With the rising demand for hydropower energy, China has built numerous concrete‐faced rockfill dams (CFRDs) with considerable heights. The potential failure pattern of the concrete face slab is the key to the safety of the anti‐seepage system. However, engineers commonly employ an elastic relationship to model the concrete face slab for simplicity, which induces inaccurate estimation of the face slab's stresses, especially under seismic conditions. On the other hand, the existing elastoplastic models for concrete often require complex derivation of the necessary formula and thus are difficult to apply to finite element (FE) analysis. Under the comprehensive action of the upstream water, supporting rockfill, and surrounding mountains, the damage mode of the quasibrittle concrete slab is not a tensile mode but a compressive shearing mode. Therefore, it is urgent to establish an elastoplastic model that is adapted to the actual working environment of the slab and easy to apply. To this end, a generalized plasticity model is developed within the phenomenology modeling concept, which is validated at both the experimental level and application level.

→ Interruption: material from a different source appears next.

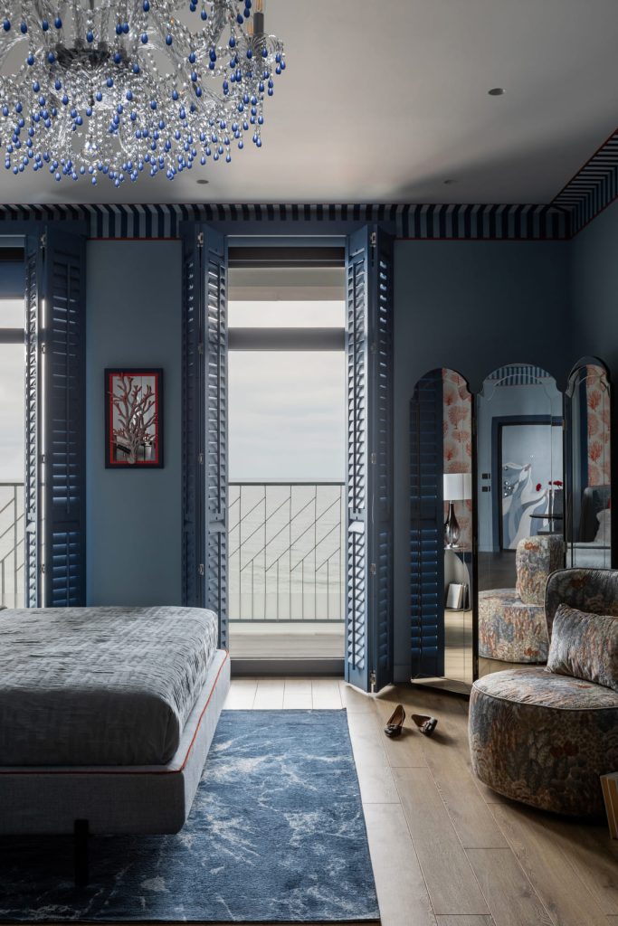 С таким запросом идеально совпал главный естественный акцент интерьера — поскольку квартира расположена на первой береговой линии, из окон открывается впечатляющий вид на Балтийское море. Поэтому морская эстетика буквально «наводнила» пространство: полоски, кораллы, хрустальная люстра и шаттерсы на окнах — все эти элементы поддерживают круизную тему.

The results indicate that three‐dimensional stress‒strain behaviors, such as the strength nonlinearity, prepeak dilatancy, and postpeak softening, can be effectively captured. In addition, the seismic characteristics of a 200‐m high CFRD are numerically investigated. The findings show that the slab's stress accumulation can be reflected during the earthquake and that the final stress distribution conforms to the field observations. The conclusions of this paper provide a reliable reference for the seismic resistance design of CFRDs. [ABSTRACT FROM AUTHOR]